字还没出口,一支铁箭射穿他的喉咙,将他钉在哨塔木柱上。
五千重骑如旋风卷入大营。席君买一马当先,弯刀挥出,斩断中军大纛。马踏连营,火起十处。
联军从梦中惊醒,哭喊声、嘶吼声、马鸣声混杂在一起。有人抓刀冲出来,没走两步就被劈翻。
有人想往东跑,东边全是马蹄声。有人朝西退,西边的雪地里,早已埋下层层绊马索。
“跟老子冲!”
席君买高声大笑。
马槊闪过,一颗人头旋转着飞上半空,洒下一串滚烫的血珠。四周的唐骑如狼似虎,刀刀见血,马踏人头。
是夜,席君买所带五千骑兵,在五万联军中来回冲杀四趟。烧掉粮草帐篷无数,斩杀敌兵两万余,受伤的唐军不足百数。
天亮时,他撤回北庭,浑身浴血,笑得比朝阳还烈。
“来而不往非礼也。让儿郎们好好歇息,下午一身轻装抓俘虏!!”
……
消息传回长安时,已是三天后。
“好!”
李承乾听完军报,兴奋地拍着御案。
殿中武将更是纷纷叫好。程咬金拍着大腿,笑得合不拢嘴:“席君买这小子,老子没看错他!”

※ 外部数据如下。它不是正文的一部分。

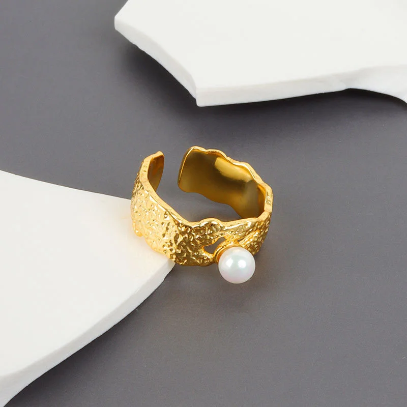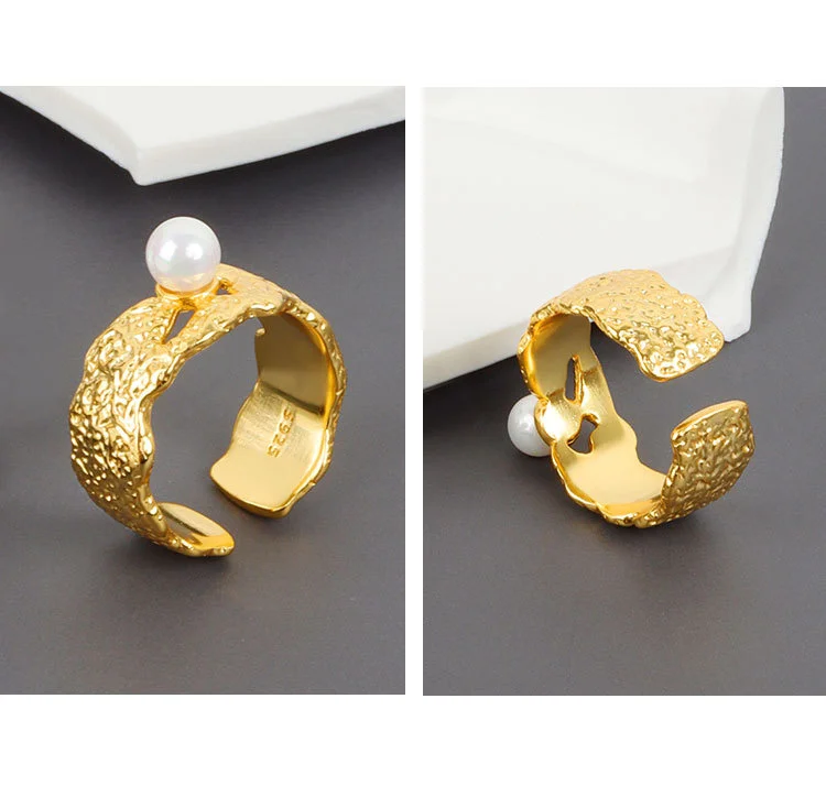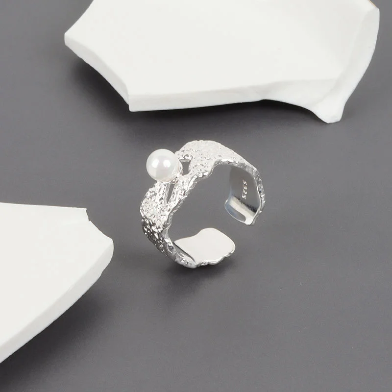 QMCOCO 925 серебро Корейский простой классический жемчуг широкое кольцо винтажные женские INS Модные ручной работы открытые регулируемые Модные Ювелирные изделия Подарки

尉迟恭也难得露出赞赏之色:“五千冲五万,有当年卫公袭阴山的风范。”
李靖端坐一旁,捋须微笑:“席君买之用兵,已得‘快、狠、猛’三字。
老夫真是没想到啊,他如此快就可独当一面。”
魏叔玉却只平静地听着。等众人热闹过后,他才开口:“席君买打得不错,但有一个问题。”
殿中一静。
李承乾看过来:“什么问题?”
“虽说他烧掉联军北营的粮草,也斩杀两万多敌军,但南营、东营还在。
要知道南疆一带太广阔,倘若他们沦为溃兵,也不知那些庄园守不守得住!”
李承乾皱眉:“妹夫,那该如何是好?”
魏叔玉道:“臣已经让王玄策从西海、安西抽调轻骑,带着庄园仆从军,从东边横推过去。
到时援军兵临北庭,自然是他们的末日!!”
李承乾点头,随即又叹:“你总说西域无碍,可朕这心里,总是不踏实。”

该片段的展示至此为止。